Description of the task:
Using the listing below, please print exactly the lines from the one with "Size: The internal" through the one with "Противень или пергаментную". Leave out every picture.

Working data:
BEGIN

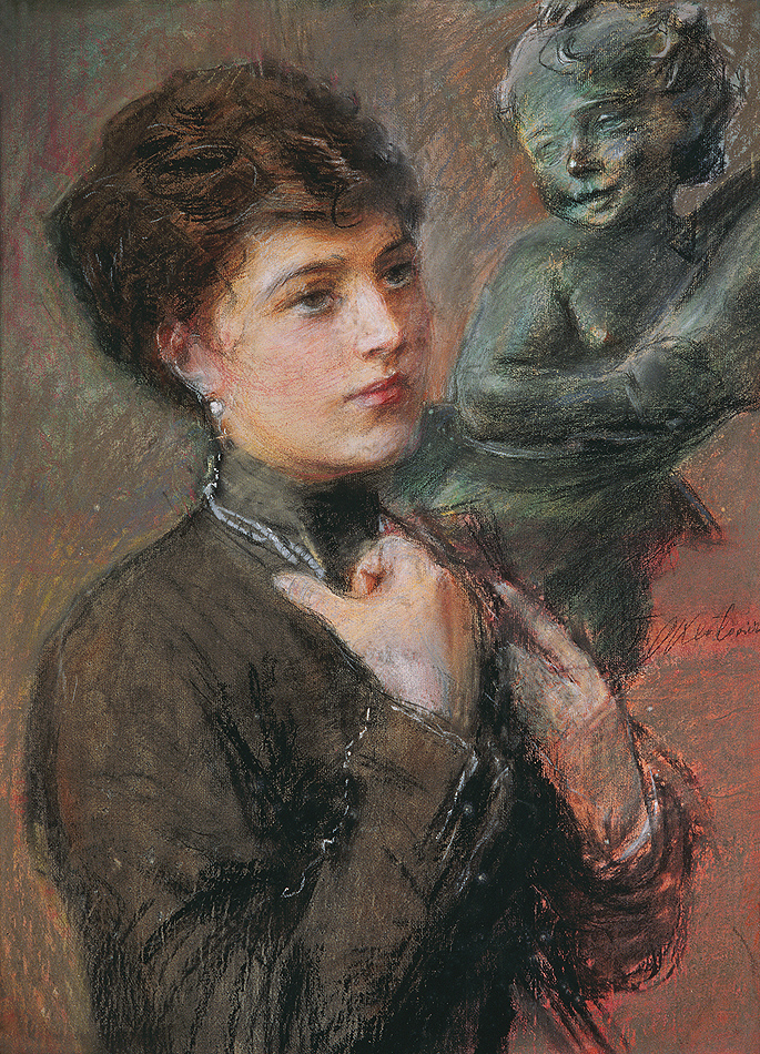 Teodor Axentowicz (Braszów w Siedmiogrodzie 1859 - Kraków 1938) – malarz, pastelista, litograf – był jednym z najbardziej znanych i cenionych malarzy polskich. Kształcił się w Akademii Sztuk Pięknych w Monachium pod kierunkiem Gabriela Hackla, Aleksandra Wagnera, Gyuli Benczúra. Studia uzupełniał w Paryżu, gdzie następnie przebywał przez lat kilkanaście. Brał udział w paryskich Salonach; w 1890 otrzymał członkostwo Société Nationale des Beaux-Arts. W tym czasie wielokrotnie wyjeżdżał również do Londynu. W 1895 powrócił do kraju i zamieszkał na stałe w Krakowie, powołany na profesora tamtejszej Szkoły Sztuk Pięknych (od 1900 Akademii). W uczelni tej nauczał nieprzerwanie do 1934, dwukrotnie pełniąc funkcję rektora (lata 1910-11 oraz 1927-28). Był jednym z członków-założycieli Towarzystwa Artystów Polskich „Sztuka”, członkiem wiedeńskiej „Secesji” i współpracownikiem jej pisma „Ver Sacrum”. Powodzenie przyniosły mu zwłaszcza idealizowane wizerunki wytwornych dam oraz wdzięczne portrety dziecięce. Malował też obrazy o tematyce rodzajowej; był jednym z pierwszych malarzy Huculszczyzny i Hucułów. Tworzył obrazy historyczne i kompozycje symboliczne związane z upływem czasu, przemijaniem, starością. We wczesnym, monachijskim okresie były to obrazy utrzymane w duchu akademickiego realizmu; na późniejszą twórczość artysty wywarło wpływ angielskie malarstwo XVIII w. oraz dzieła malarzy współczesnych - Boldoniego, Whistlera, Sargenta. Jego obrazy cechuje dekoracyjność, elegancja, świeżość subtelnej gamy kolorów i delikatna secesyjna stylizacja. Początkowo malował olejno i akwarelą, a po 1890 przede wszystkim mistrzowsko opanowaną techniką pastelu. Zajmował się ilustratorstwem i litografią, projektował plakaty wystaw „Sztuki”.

END
BEGIN

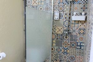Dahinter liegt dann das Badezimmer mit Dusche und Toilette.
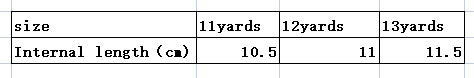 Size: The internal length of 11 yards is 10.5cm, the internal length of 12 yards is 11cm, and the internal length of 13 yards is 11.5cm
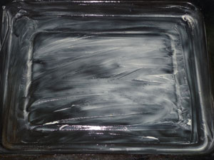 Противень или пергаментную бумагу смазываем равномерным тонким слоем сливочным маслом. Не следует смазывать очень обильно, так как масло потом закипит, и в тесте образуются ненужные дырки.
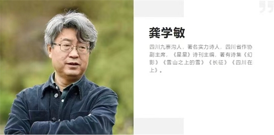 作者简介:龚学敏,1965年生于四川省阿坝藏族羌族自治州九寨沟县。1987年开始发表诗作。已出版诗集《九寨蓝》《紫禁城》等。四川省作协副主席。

END
BEGIN

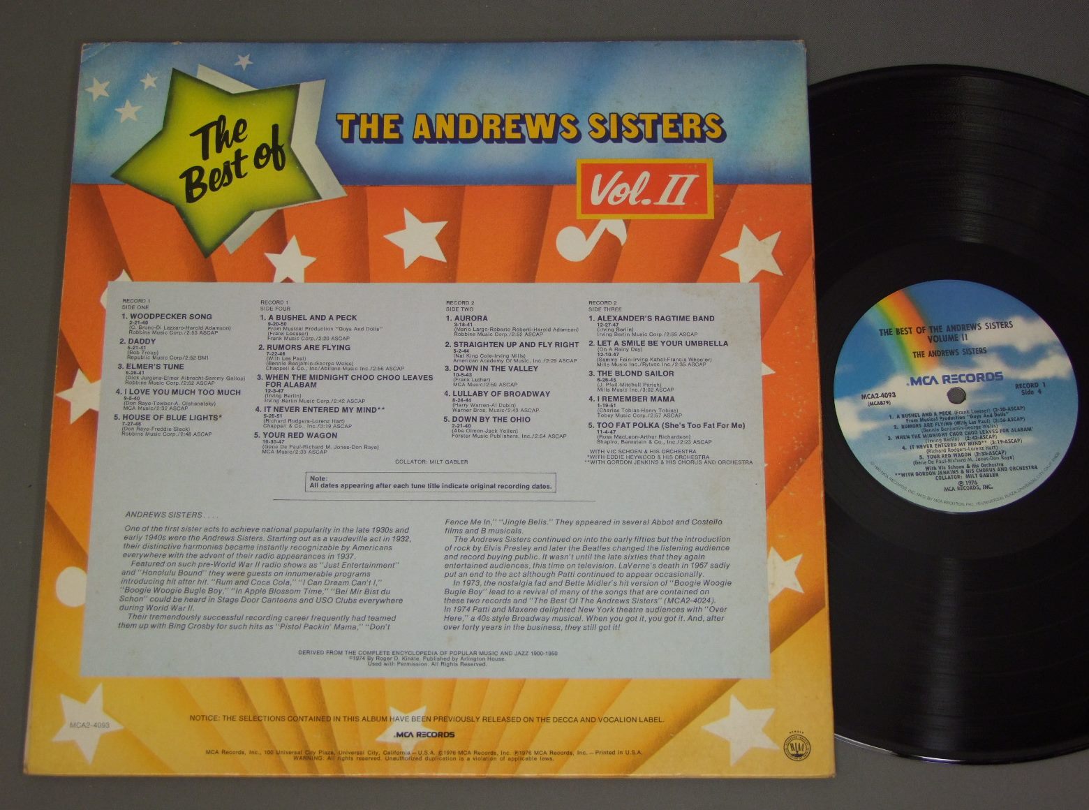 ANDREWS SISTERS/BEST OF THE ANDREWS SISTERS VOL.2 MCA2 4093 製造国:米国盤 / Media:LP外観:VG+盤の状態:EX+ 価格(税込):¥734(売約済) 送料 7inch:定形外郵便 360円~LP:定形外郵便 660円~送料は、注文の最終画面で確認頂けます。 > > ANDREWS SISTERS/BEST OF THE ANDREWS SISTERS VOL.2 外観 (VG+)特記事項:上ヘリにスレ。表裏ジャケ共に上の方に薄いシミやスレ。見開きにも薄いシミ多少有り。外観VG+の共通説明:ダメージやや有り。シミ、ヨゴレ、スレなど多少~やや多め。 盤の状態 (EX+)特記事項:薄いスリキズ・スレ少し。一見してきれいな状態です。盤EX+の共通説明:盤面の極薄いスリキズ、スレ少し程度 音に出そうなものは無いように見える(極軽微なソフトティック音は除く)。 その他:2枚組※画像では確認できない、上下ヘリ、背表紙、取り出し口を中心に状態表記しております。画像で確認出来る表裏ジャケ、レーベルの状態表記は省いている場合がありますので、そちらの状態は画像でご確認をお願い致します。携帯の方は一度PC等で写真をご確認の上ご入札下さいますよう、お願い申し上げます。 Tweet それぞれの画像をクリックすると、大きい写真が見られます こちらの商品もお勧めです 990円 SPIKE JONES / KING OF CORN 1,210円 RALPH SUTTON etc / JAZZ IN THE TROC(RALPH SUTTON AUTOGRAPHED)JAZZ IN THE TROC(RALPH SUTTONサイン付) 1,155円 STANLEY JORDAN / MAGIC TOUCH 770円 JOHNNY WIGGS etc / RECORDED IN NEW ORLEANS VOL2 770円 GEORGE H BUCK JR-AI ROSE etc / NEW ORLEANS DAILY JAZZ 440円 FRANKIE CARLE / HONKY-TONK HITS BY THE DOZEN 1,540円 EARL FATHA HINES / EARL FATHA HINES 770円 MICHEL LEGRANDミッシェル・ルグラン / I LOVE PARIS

END

Response box:
 Size: The internal length of 11 yards is 10.5cm, the internal length of 12 yards is 11cm, and the internal length of 13 yards is 11.5cm
 Противень или пергаментную бумагу смазываем равномерным тонким слоем сливочным маслом. Не следует смазывать очень обильно, так как масло потом закипит, и в тесте образуются ненужные дырки.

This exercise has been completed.